Word for word, restate the lines of the data below between those holding "Cu toate acestea, Inspectoratul" and "detailed entangled ethereal", inclusive; pictures do not belong in the copy.

» **PROVIDED RECORDS**:
**********

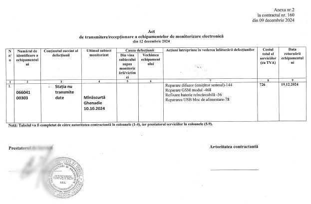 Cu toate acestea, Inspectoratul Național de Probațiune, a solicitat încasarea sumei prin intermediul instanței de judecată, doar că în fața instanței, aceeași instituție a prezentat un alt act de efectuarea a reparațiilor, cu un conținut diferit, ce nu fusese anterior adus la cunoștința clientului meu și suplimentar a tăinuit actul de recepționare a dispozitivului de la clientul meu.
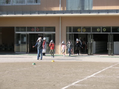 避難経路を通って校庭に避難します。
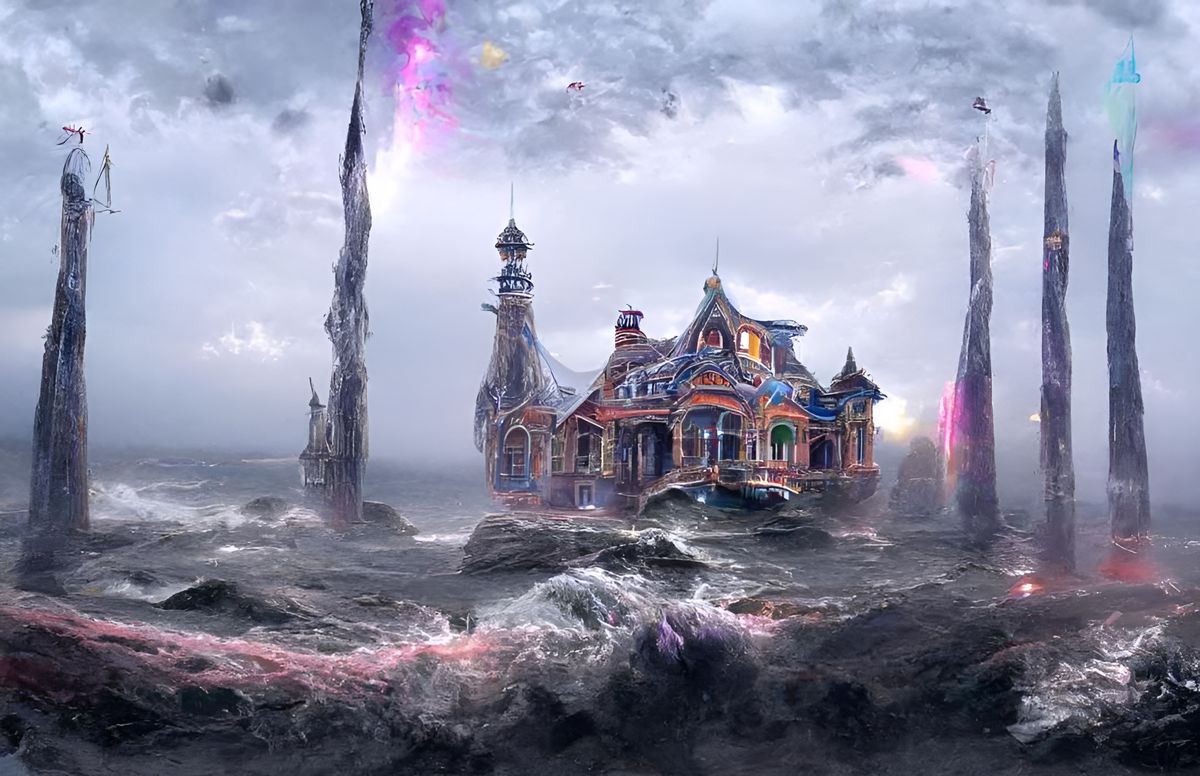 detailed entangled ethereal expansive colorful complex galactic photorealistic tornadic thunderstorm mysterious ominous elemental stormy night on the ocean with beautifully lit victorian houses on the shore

**********

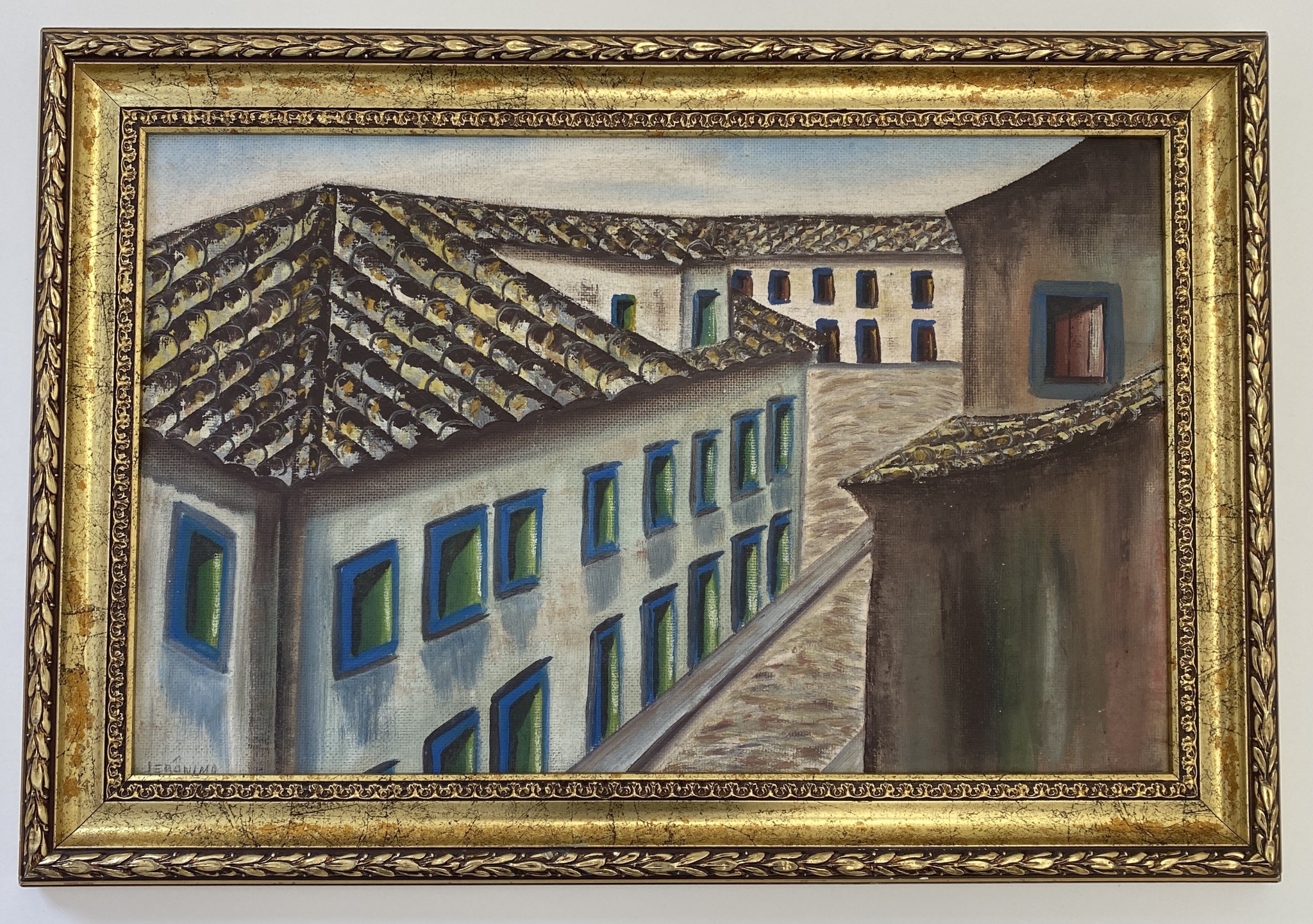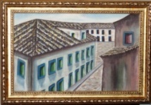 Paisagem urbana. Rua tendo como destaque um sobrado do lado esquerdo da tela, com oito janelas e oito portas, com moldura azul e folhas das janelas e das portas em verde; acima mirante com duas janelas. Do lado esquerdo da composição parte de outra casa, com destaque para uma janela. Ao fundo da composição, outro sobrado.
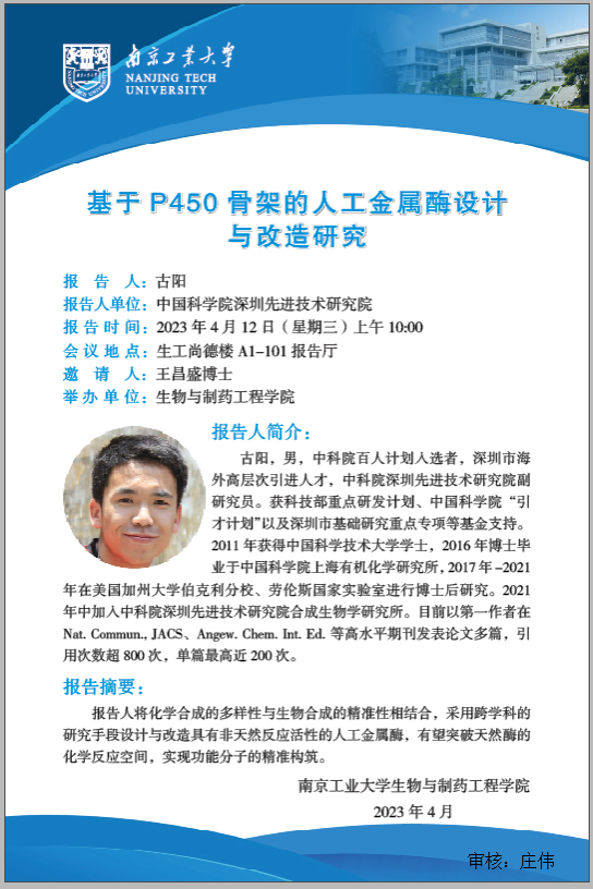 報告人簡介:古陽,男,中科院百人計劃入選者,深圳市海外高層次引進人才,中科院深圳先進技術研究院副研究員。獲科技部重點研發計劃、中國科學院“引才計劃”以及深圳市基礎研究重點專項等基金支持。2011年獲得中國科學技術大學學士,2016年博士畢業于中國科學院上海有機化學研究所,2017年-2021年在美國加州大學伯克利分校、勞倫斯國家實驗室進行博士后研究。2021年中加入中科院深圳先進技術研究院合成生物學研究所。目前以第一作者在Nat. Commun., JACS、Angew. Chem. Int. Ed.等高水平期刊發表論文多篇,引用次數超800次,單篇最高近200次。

**********

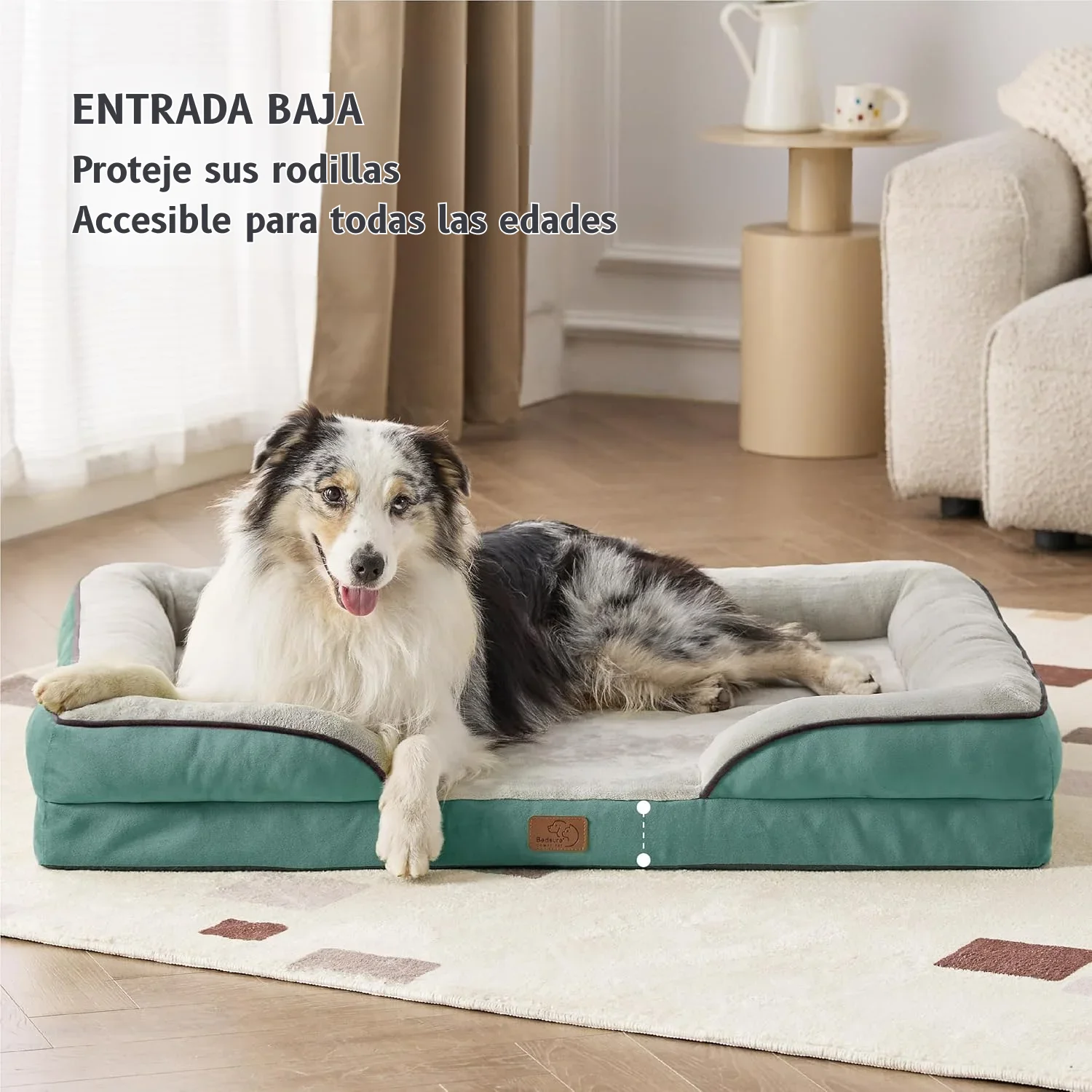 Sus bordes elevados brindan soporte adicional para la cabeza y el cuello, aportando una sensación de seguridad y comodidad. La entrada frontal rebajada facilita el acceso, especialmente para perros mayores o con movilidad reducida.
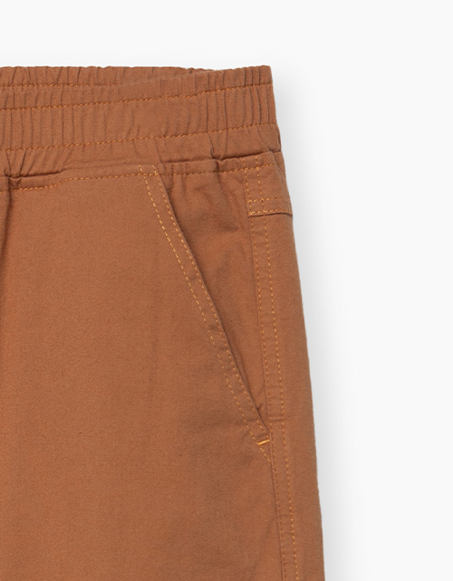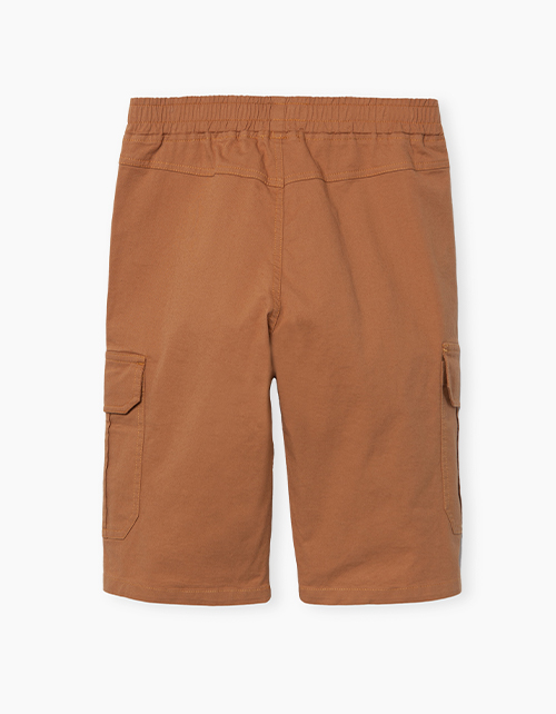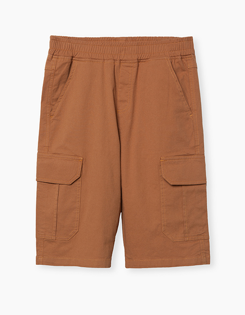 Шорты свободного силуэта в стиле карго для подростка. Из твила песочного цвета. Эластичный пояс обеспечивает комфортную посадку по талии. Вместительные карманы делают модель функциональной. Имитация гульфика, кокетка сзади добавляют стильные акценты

**********

» **RESPONSE BELOW**:
 Cu toate acestea, Inspectoratul Național de Probațiune, a solicitat încasarea sumei prin intermediul instanței de judecată, doar că în fața instanței, aceeași instituție a prezentat un alt act de efectuarea a reparațiilor, cu un conținut diferit, ce nu fusese anterior adus la cunoștința clientului meu și suplimentar a tăinuit actul de recepționare a dispozitivului de la clientul meu.
 避難経路を通って校庭に避難します。
 detailed entangled ethereal expansive colorful complex galactic photorealistic tornadic thunderstorm mysterious ominous elemental stormy night on the ocean with beautifully lit victorian houses on the shore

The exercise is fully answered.